Traditionally, orphans exposed to uncertainty following the death of one or both parents (and whose extended family could not support them) had been entrusted to the care of a hôpital-général. Only in the nineteenth century did religious and secular organizations begin establishing orphanages specifically designed to house and educate such children. Located throughout Quebec, these institutions also took in “illegitimate” children from nurseries.
Finally, in the early twentieth century, the publication of photographs taken in slums inspired an often moralistic view of working-class families. Consider these photos presented at the International Child Welfare Exhibition, held in Montreal in October 1912. Depicting needy children who lacked any parental supervision, they provided the impetus for several programs aimed at saving children. In this way, the photos supported the arguments of those who suspected poor families of not doing enough to lift their children out of the cycle of poverty.
Nurseries
In 1754, Marguerite d’Youville launched the first Quebec charity dedicated to caring for foundlings. Originally established at the Grey Nuns’ Hospital in Montreal, the Youville Nursery had catastrophic mortality rates. In 1875, 88% of the 719 children admitted died in infancy. As for the Misericordia Sisters, they had been sending “illegitimate” babies born to single mothers at their hospital to the Youville Nursery since the mid-nineteenth century. Then, in 1890, they added a nursery to their motherhouse.
Were children better off at this new facility? Only slightly. Between 1890 and 1921, the mortality rate for infants was about 80%. Umbilical infections, bronchopneumonia epidemics and especially intestinal diseases linked to a diet based on poor-quality cow’s milk were largely to blame. The Misericordia Sisters discouraged breastfeeding, even though it was practised with great success at the Montreal Maternity Hospital, a nearby Protestant institution. The situation was largely the same at other Catholic nurseries in Quebec. For instance, the Gamelin Nursery in Trois-Rivières, run by the Sisters of Providence, faced harsh criticism in the early 1930s.
Babies who managed to survive remained at a nursery for about seven months. Then, they were either adopted by a family deemed morally upstanding or place in another institution run by the same religious community. For example, children in the care of the Misericordia Sisters of Montreal were sent to the Saint-Janvier Home in Sault-au-Récollet. Upon turning two, many continued their institutional journey in an orphanage.

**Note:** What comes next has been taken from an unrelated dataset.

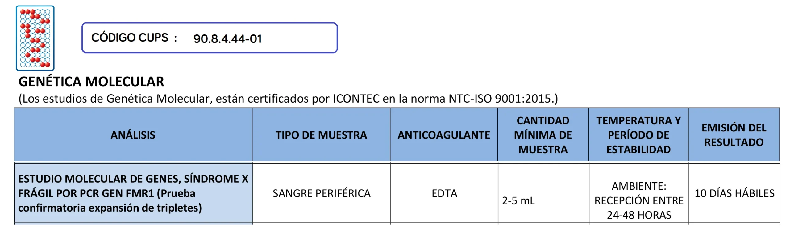 P32-2 ESTUDIO MOLECULAR DE GENES, SÍNDROME X FRÁGIL POR PCR GEN FMR1 (Prueba confirmatoria expansión de tripletes) 90.8.4.44-01

Montreal’s Protestant elite set up a nursery in 1870. The Protestant Infants’ Home (1870-1935), located on Guy Street, was intended for needy families and “illegitimate” children. Recognizing breastfeeding as the best source of quality nutrition, mothers were admitted with their babies and could remain up to a year. This policy helped maintain mortality rates at about 22% and gave women time to re-establish their lives. Any child not removed by family was transferred to another Protestant child charity at the age of 5. From 1875 to 1905, 2329 children and 747 mothers received help. In 1936, the institution, then on Queen Mary Road, assumed responsibility for the Protestant Foster Care system. Due to the stipulation that mothers should enter the institution and/or assume ongoing financial responsibility, very few “foundlings” were admitted. It was not until 1891 when the Montreal Foundling and Baby Hospital opened on Argyle Street in Westmount that abandoned infants could be left in a Protestant institution. The managers opened a sick baby ward in 1897 and the first milk depot in the city in 1901 in conjunction with the Local Council of Women. In 1932, the institution, then on St. Urbain, merged with the Montreal Children’s Hospital.
Maternity and Childhood
Catholic Misericordia Hospitals
Misericordia hospitals were among the few institutions that housed pregnant single women (so-called unwed mothers). These institutions were established in response to a plea from Mgr. Ignace Bourget, Bishop of Montreal, to “save the lives of countless unfortunate children who, because they are born of sin, are at risk of falling victim to their mothers’ barbarity.” The fathers of the children were spared any such strong condemnation and did not have to bear the burden of sin faced by unwed mothers.
The hospitals provided safe, medically supervised deliveries while portraying themselves as institutions of penance and moral redemption. Accordingly, they sought to give penitent young women the opportunity to atone for their sins and to pursue an honourable life, in keeping with the patriarchal norms of the time. This meant either devoting themselves to a husband or dedicating themselves to God by leading cloistered lives as so-called Magdalenes. In the eyes of the Church and likely those of many women, true atonement meant severing the maternal bond so “the child born of sin” could be baptized and placed with a family.
The nuns who ran the institution gave both mothers and babies fictitious names that were assigned in alphabetical order from a predetermined list. Le séjour d’une pénitente dure en moyenne trois moisOn average, mothers stayed at the hospital for three months. If they could not afford to pay for their room and board, they had to stay in the public ward and provide housekeeping or child minding services for six months after giving birth, regardless of whether their own baby survived.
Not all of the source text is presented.